= Erwin Busta =

Austrian SS-Hauptscharführer and concentration camp functionary

Erwin Julius Busta (April 12, 1905 – December 27, 1982) was an Austrian SS-Hauptscharführer, concentration camp functionary and convicted war criminal. During World War II Busta was also closely associated with the German V-weapons program; serving on the SS staff at the Peenemünde Army Research Center, the V-2 rocket production facility at Mittelwerk and the Mittelbau-Dora concentration camp. He was convicted of war crimes by a West German court in 1970.

==Early life and Nazi involvement==
Erwin Busta was born in the city of Leoben, Austria (then part of the Austro-Hungarian Empire) on April 12, 1905, and originally worked as a mason and carpenter. He joined both the Austrian Nazi Party and the Sturmabteilung (SA) in 1928 and became a member of the Schutzstaffel (SS) in 1930. In July, 1933 the Nazi Party was officially banned in Austria by the government of Engelbert Dollfuss. Busta moved to Augsburg, Germany shortly afterward where he became a member of the Austrian Legion, a paramilitary group composed of pro-Nazi Austrian expatriates. He underwent military and police-training and, in 1934, was recruited into the newly established SS-Totenkopfverbände.

Busta initially served as a guard at the Esterwegen concentration camp and was later transferred to Dachau in April 1936, where he headed the main detention area, and then to Sachsenhausen in 1942. In the summer of 1943 Busta was reassigned to the Peenemünde Army Research Center, the main research and testing site for Germany's V-weapons program. This location was also home to a small concentration camp whose inmates (mostly Soviet and Polish POWs) were employed as slave-laborers. During his time at Peenemünde, Busta worked as a Lagerführer (camp leader) of the camp's central warehouse; supervising the prisoner-laborers as they performed various tasks ranging from construction work to the actual production of V-2 ballistic missiles.

==Mittelbau-Dora==
Following the bombing of Peenemünde by the RAF in August, 1943 the entire V-weapons program was relocated by the German government to the Nordhausen-area of central Germany. This transition included much of the former staff of Peenemünde, Busta among them. Production of the V-2's was reestablished at Mittelwerk, a massive armaments facility housed in an elaborate tunnel system in the Kohnstein. Here again, slave-labor was utilized to assemble the rockets. The tunnels at Mittelwerk were staffed by thousands of prisoner-laborers drawn from the inmate population of the nearby Mittelbau-Dora concentration camp. Their work was overseen by both German civilian contractors and the SS.

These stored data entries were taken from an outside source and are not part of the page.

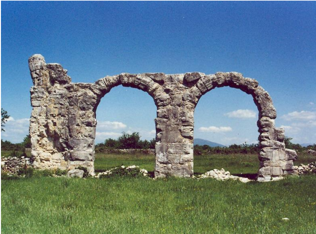
Sačuvani ostatci na lokalitetu Ivoševci kod Knina – lukovi principija logora Burnum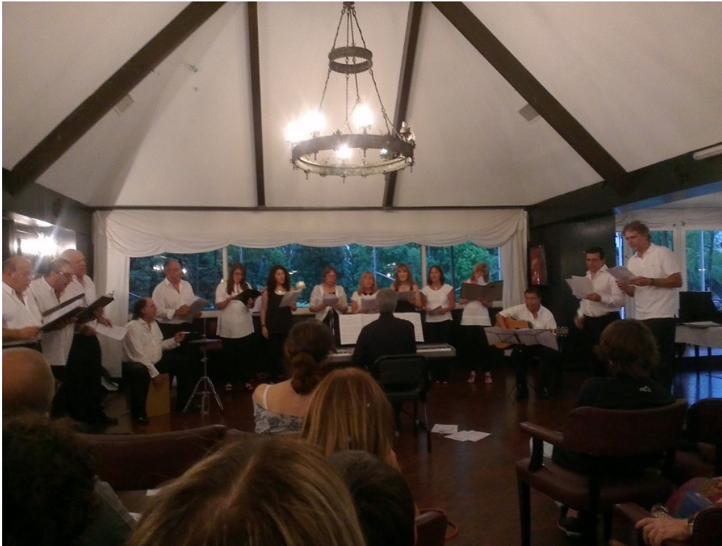
El Coro del Centro durante su actuación.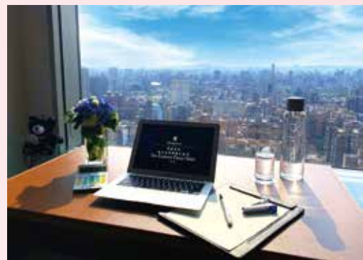
▲【行動辦公 立即成行】專案每日每人最低不到600元起。

香格里拉台北、台南遠東 異地辦公成趨勢 推行動商務辦公室 每人每日最低均價600元起 安心辦公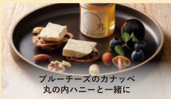
ブルーチーズのカナッペ 丸の内ハニーと一緒に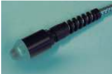
Robuster Ultraschall Prüfkopf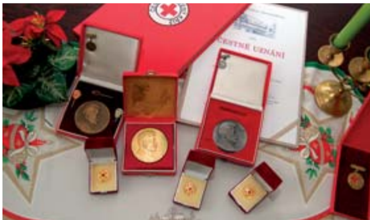
Část medailí, plaket a uznání od Červeného kříže.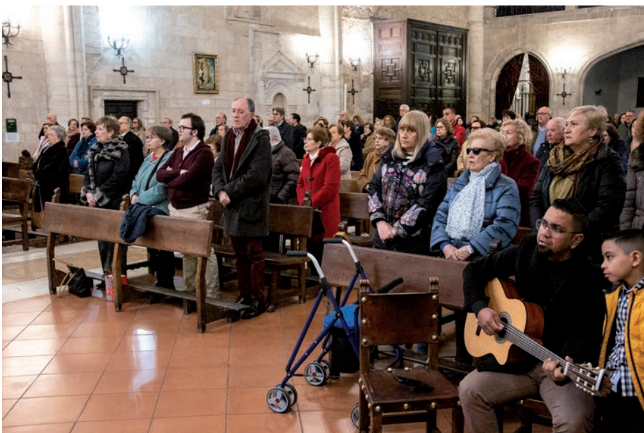
Voluntarios de Manos Unidas durante la misa

El obispo concluyó sus palabras con una petición al Señor: «Si tú quieres, puedes meter en el corazón de los hombres que pueden cambiar el mundo». Este es el sentido esperanzador del lema de la campaña de Manos Unidas — El efecto ser humano —, que los hombres podemos cambiar el mundo.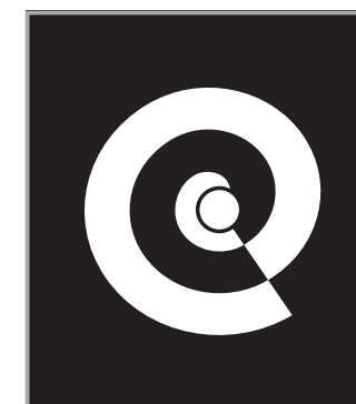
SÍMBOLO ISOLADO IMPRESSÃO: ESCALA DE CINZA OU MONOCROMÁTICA LIMITE DE REDUÇÃO: 5 MM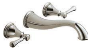
Montage mural 3597LF-PNWL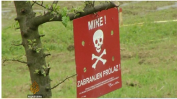
Minen! Verbotener Durchgang!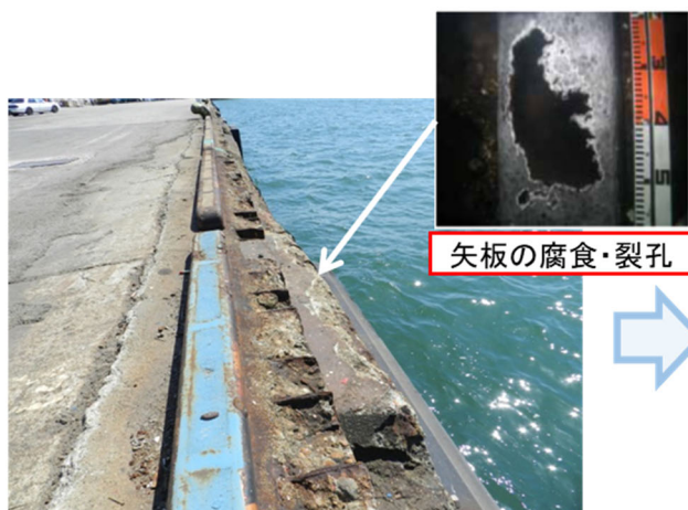
改良前の2号岸壁 （上部コンクリートの欠損、鉄筋露出）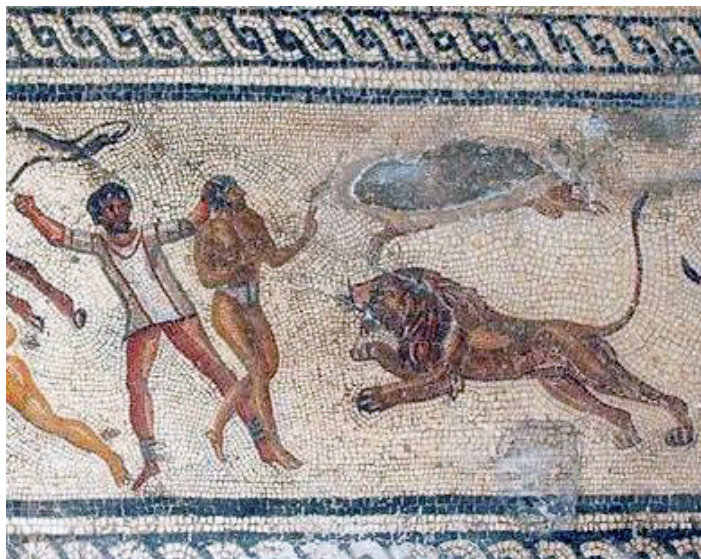
Slika 10. Prizori bestiariusa u borbi s mozaika „Villa Dar Buc Ammera“, Arheološki muzej u Tripoliju, Libija

log tomu idu i nalazi diljem Europe. U Efezu (Turska), kazalište, samo nekih 900 m jugozapadno od gladijatorskog groblja, sadrži nalaze koji pokazuju prisutnost gladijatora, a isti procesi se mogu prepoznati i kod kazališta u Ateni, Aphrodisiasu, Assosu i Hierapolisu. 25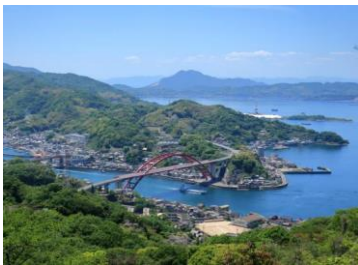
音戸の瀬戸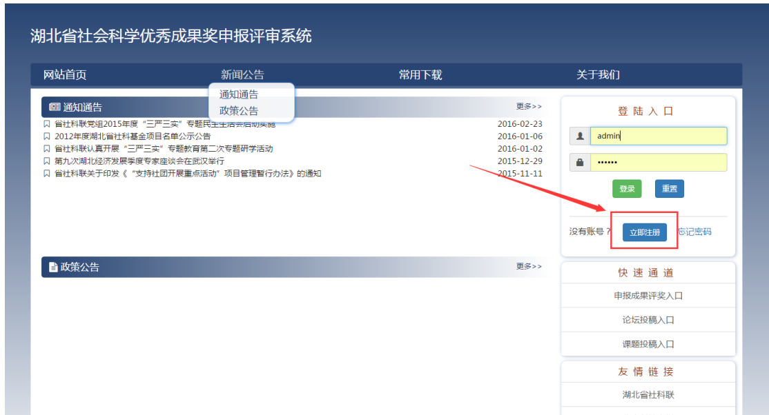
图 1 注册

表单中打 * 的字段为必填项，为保证申报和评审的顺利开展，请务必填写个人常用邮箱和联系电话。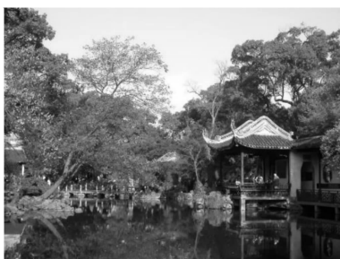
图6 寄畅园中和之美(作者自摄)

美” [8]28-45 。这种中和之美,也必然包括精神伦理道德的向善追求。《国语·楚语上》评价,“夫美也者,上下、内外、大小、远近皆无害焉,故曰美”。所有关注形式美原则的艺术,包括园林艺术,离不开中和之美的本质,要求协调各对立因素以达到多样统一的和谐。在此思想引导下的中国古典园林在造园艺术上,极为讲究,处处体现以和为美。将各种对立因素和谐统一起来,追求含蓄之美,这形成了中国园林的内在神韵。园林布局虚实相间,疏密得当;园林尺度,精而体宜,避免夸张之势;园林建筑,讲究主从得当,各司其职;园林植物,俯仰得当,聚散得体,相配合宜。正是由于这种思想,中国园林从来都没有尺度巨大的建筑,即使北方皇家园林,如颐和园,最大体量的佛香阁,也是借山势和台基才形成了全园的主景。再看江南寄畅园,围绕锦汇漪,以嘉树堂为主景,先月榭与之遥相呼应,又有知鱼槛与鹤步滩相对,同时郁盘亭廊、七星桥、涵碧亭及清御廊等绕水而构,与假山相映成趣(图6)。江南园林寄畅园,围绕锦汇漪,协调各因素以达到多样统一的和谐,体现中和之美。而江南较大的园林,如拙政园,虽然园景被分割成东中西三部分,亦以水面相联系,步移景异,协调共生,同在中国园的几处大型景点,如远香堂、玉兰堂、香洲、听雨轩等,假借地形,互相呼应,彼此成就。

Beginning in the autumn of 1943 Busta was employed in both areas of the camp; working as a Blockführer (block leader) in Dora while also serving as the chief SS warden at Mittelwerk. Busta was a much-feared figure among the prisoner-laborers in the tunnels and developed a reputation for harshness and brutality. Busta was known to have inmates suspected of sabotage shot or hanged by the SS on a regular basis. In March, 1945 Busta oversaw the mass-hanging of several dozen Russian prisoners who had attempted to escape. When Dora and Mittelwerk were evacuated in April, 1945 Busta commanded a transport of hundreds of prisoners to the Ebensee concentration camp in his native Austria.

==Post-war==
After the end of World War II in May, 1945 Busta lived under an alias and moved regularly between Germany and Austria. He was thus able to avoid appearing as a defendant at the 1947 Dora war crimes trial. He settled permanently in West Germany in 1952 and resumed using his real name. In November 1967, he was one of three former SS staff members of Mittelbau-Dora indicted for war crimes by the district court of Essen. Busta entered a plea of not guilty to the charges that he had mistreated and murdered prisoners during his time at Mittelwerk. Busta was found guilty and sentenced to 8 years and a half years in prison on May 8, 1970. However, he never served his sentence owing to reasons of ill-health. Busta died in Munich on 27. December 1982.